Назвать ли сию молитву «чистою», потому что дух мой совлекался всего тварного? Не знаю, как описывать происходившее со мною, но в ней, этой молитве, существовал для меня только Бог: во всем Бытии — только Он, и я, жалкий урод.

О покаянии и духовной брани

Вся наша земная жизнь от рождения до последнего вздоха в своем конечном завершении предстанет как некий единый, непротяженный акт. Его содержание и качество возможно увидеть в один миг. Представьте себе сосуд идеально чистого стекла полный воды; с первого взгляда можно сказать — чиста ли вода, или нет, и насколько. Так будет с нами по переходе в иной мир. Всякое движение, даже мимолетное, сердца или мысли оставляет некий след в общей сумме нашей жизни.

Предположим, что за весь срок моего земного существования лишь раз чрез мое сердце пробежала злая мысль, например — убийства (ср. Мф. 15, 19). И эта единственная мысль останется темным пятном на теле моей жизни, если не будет извергнута чрез покаянное самоосуждение. Ничего невозможно скрыть: «Нет ничего сокровенного, что не открылось бы, и тайного, чего не узнали бы» (Лк. 12, 2–3).

Мы часто успокаиваем себя, думая, что никто нас не видел, или никто не знает, что мы мыслим или делаем. Но когда мы полны заботы приготовления к вечности, тогда все меняется, и мы стремимся освободиться от всякой тьмы внутри нас.

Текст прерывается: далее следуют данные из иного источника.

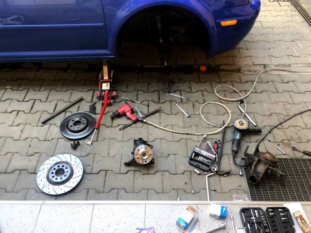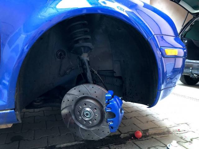Si inca nu am ajuns sa inlocuiesc numarul de pe fata. Asta doar pentru ca am avut o gramada de treaba Unu la mana...ne-am luat casa pe roti, si pe langa serviciu si santier, am mai avut de lucrat si la asta. Pentru ca vrem altfel de concedii, mai libere de "booking" si alte minuni de genul. Si pentru ca ...rulota are MTMA 1400 KG, aveam nevoie de franele mai mari. Cele vechi de 280mm si asa erau subdimensionate... si erau deja uzate. In plus, un rulment pe fata a inceput sa urle de nebun ca s-o saturat de munca pe care o facut-o. Frati-su de pe partea ailalta nu zicea nimic.... Asadar, rulmenti noi SKF (Nu mai pun in veci rulmenti Optimal), butuci noi, senzori ABS/ESP noi (nu cred ca-i scoteam intregi pe ceilalti)... Si ne-am apucat de treaba. 5 minute la o presa cu un prieten si gata butucii si rulmentii. Apoi...montajul. Asa arata un disc de 280mm (jos) vs 312 (sus) Pe partea dreapta trebuia schimbat si un burduf de planetara, asadar, am dat jos capul de planetara si am zis sa il curat.. dar mi-a scapat in galeata cu solutie de spalat (motorina+benzina amestecata) si am facut lego... Pe partea cealalta in schimb, am rupt un cap de bara Lemforder. Pacat de el ca nu avea joc si se prezenta bine, dar nu o vrut deloc sa se desfaca surubul de pe fuzeta, mai degraba s-o rupt... Si...cam asa arata montate pe masina. Deocamdata se simt ok. okish... nu sunt 100% multumit...dar astept sa se aseze placutele bine pe discuri si dupaia mai vedem. Pare ca prind tot mai bine pe masura ce parcurg km. Va urma/To be continued... etc Drumuri bune1 point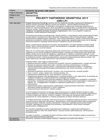Fragmenty pisane kursywą zostały dodane przez polską Narodową Agencję Program Program sektorowy Kategoria akcji Akcja Cele i opis akcji Uczenie się przez całe życie GRUNDTVIG Partnerstwa PROJEKTY PARTNERSKIE GRUNDTVIGA 2013 (GRU-LP) Projekty Partnerskie Grundtviga stanowią ramy dla współpracy pomiędzy organizacjami działającymi w obszarze szeroko rozumianej edukacji (uczenia się) dorosłych – zarówno edukacji formalnej jak i pozaformalnej i nieformalnej. W odróżnieniu od projektów wielostronnych Grundtviga realizowanych w ramach tzw. akcji scentralizowanych, które są projektami na większą skalę i są zorientowane na produkt lub konkretny rezultat, Projekty Partnerskie Grundtviga są zorientowane na proces i mają na celu rozszerzenie współpracy europejskiej pomiędzy mniejszymi organizacjami, które chcą uwzględnić współpracę europejską w swojej działalności edukacyjnej. W Projektach Partnerskich Grundtviga kadra i dorośli słuchacze z przynajmniej trzech uczestniczących krajów pracują wspólnie nad jednym lub więcej obszarami tematycznymi, które stanowią przedmiot wspólnego zainteresowania współpracujących organizacji. Taka wymiana doświadczeń, praktyk i metod przyczynia się do podniesienia świadomości zróżnicowania kulturowego, społecznego i gospodarczego Europy oraz do lepszego zrozumienia obszarów wspólnego zainteresowania w dziedzinie uczenia się dorosłych. Jedna z uczestniczących organizacji musi pełnić rolę koordynatora. Na etapie składania wniosków należy określić, którzy z partnerów gotowi są pełnić rolę koordynatora w przypadku, gdy pierwotny koordynator zostanie odrzucony w procesie selekcji. Zaleca się, by uczestniczące organizacje dokonywały monitorowania i ewaluacji swojej międzynarodowej współpracy oraz by starały się połączyć działania projektu z inicjatywami realizowanymi przez społeczność lokalną. Zachęca się je również do współpracy z organizacjami i władzami na poziomie krajowym, w celu pozyskania wsparcia dla koncepcji i działań projektu oraz w celu upowszechnienia projektu. To z kolei pozwoli na zwiększenie wartości wymiany ponadnarodowej, promowanie rozpowszechniania dobrych praktyk i tym samym zapewnienie szerszego wykorzystania wypracowanych rezultatów. Przykłady działań, jakie mogą być dofinansowane: Spotkania partnerów projektu i seminaria dla wszystkich instytucji zaangażowanych w projekt partnerski Wyjazdy do organizacji partnerskich kadry i dorosłych słuchaczy uczestniczących w projekcie Wymiana doświadczeń i dobrych praktyk, z wykorzystaniem odpowiednich środków, a szczególnie z wykorzystaniem technologii informacyjno-komunikacyjnych (np. strony internetowe, e-mail, videokonferencje) Wykonanie przedmiotów technicznych, rysunków i prac artystycznych dot. tematyki projektu Prace w terenie, analizy i badania dot. tematyki projektu, itp. Organizowanie przedstawień (np. sztuk teatralnych, musicali, itd.) Przygotowanie językowe osób zaangażowanych w realizację projektu w celu zapewnienia, że posiadają one niezbędne kompetencje w zakresie języka(-ów) roboczego(-ych) projektu Współpraca z innymi projektami dotycząca podobnych obszarów tematycznych (szczególnie z projektami partnerskimi, projektami scentralizowanymi i sieciami Grundtviga) wymiana doświadczeń z instytucjami w regionie, itp., z uwzględnieniem wyjazdów na wydarzenia organizowane w ramach sieci Autoewaluacja Organizowanie wystaw, opracowywanie, publikowanie i rozpowszechnianie materiałów i dokumentacji dotyczących działań prowadzonych w ramach współpracy Rozpowszechnianie doświadczeń i efektów projektu W tych Projektach Partnerskich Grundtviga, które koncentrują się na udziale dorosłych słuchaczy należy aktywnie angażować słuchaczy we wszystkie działania projektowe i zachęcać ich do wyjazdów zagranicznych w możliwie najszerszym zakresie. Projekty w kategorii, która obejmuje największą liczbę wyjazdów, tj. przynajmniej 24, muszą angażować w wyjazdy przynajmniej 16 różnych dorosłych słuchaczy. Te Projekty Partnerskie Grundtviga, które koncentrują się na zarządzaniu edukacją dorosłych i/lub metodach nauczania powinny zapewniać nauczycielom, szkoleniowcom i innym przedstawicielom kadry zarządzającej edukacją dorosłych możliwości wymiany doświadczeń i informacji, wspólnego opracowywania metod i rozwiązań, spełniających ich potrzeby oraz testowania i wprowadzania w życie nowych rozwiązań organizacyjnych i pedagogicznych. We wszystkich przypadkach projekty mogą obejmować współpracę z organizacjami działającymi w społeczności lokalnej, takimi jak władze lokalne, instytucje systemu opieki społecznej, stowarzyszenia i przedsiębiorstwa. Kto może być beneficjentem Tam gdzie to możliwe, w przypadku dorosłych słuchaczy należy zwrócić szczególną uwagę na uczestnictwo osób z grup defaworyzowanych społecznie. Pracownicy i słuchacze uczestniczących instytucji i organizacji oraz społeczność lokalna. Strona 1 z 4 Kto może składać wniosek PRIORYTETY JAK SKŁADAĆ WNIOSEK Wszelkiego rodzaju instytucje i organizacje działające w ramach formalnej, pozaformalnej lub nieformalnej edukacji dorosłych. Uprawnione do składania wniosków w Polsce są instytucje zgodnie z wykazem: Uprawnione są poniżej wymienione organizacje publiczne oraz niepubliczne, posiadające bądź nieposiadające osobowości prawnej, czyli również osoby fizyczne prowadzące działalność gospodarczą oraz spółki cywilne. 1. Gimnazjum dla Dorosłych 2. Liceum dla Dorosłych 3. Uniwersytety Trzeciego Wieku 4. Uniwersytety Ludowe 5. Uniwersytety Otwarte 6. Stowarzyszenia, fundacje i inne organizacje prowadzące działalność edukacyjną na rzecz osób dorosłych wymagających szczególnego wsparcia (np. niepełnosprawni, rodziny dysfunkcyjne, mieszkańcy terenów wiejskich, ubodzy, migranci, osoby bez średniego wykształce

«Если мы говорим, что не имеем греха, — обманываем самих себя, и истины нет в нас. Если исповедуем грехи наши, то Он, будучи верен и праведен, простит нам грехи наши и очистит нас от всякой неправды» (1 Ин. 1, 8–9). Чрез искреннее раскаяние с решительным самоосуждением себя пред Богом и людьми внутренний человек очищается, и вода в сосуде, проведенная чрез духовный фильтр покаяния, восстанавливается в своей чистоте. Отсюда, когда я исповедуюсь, то обвиняю себя во всяком зле, потому что не нахожу во всем мире такого греха, которого я не сотворил хотя бы мгновенным прикосновением ума. Самая возможность такого движения моего духа является показателем моего греховного состояния. И кто может быть совершенно уверенным, что он вне власти посещающих его идей? И где гарантия, что момент прикосновения ко мне недоброго помысла не превратится в вечность?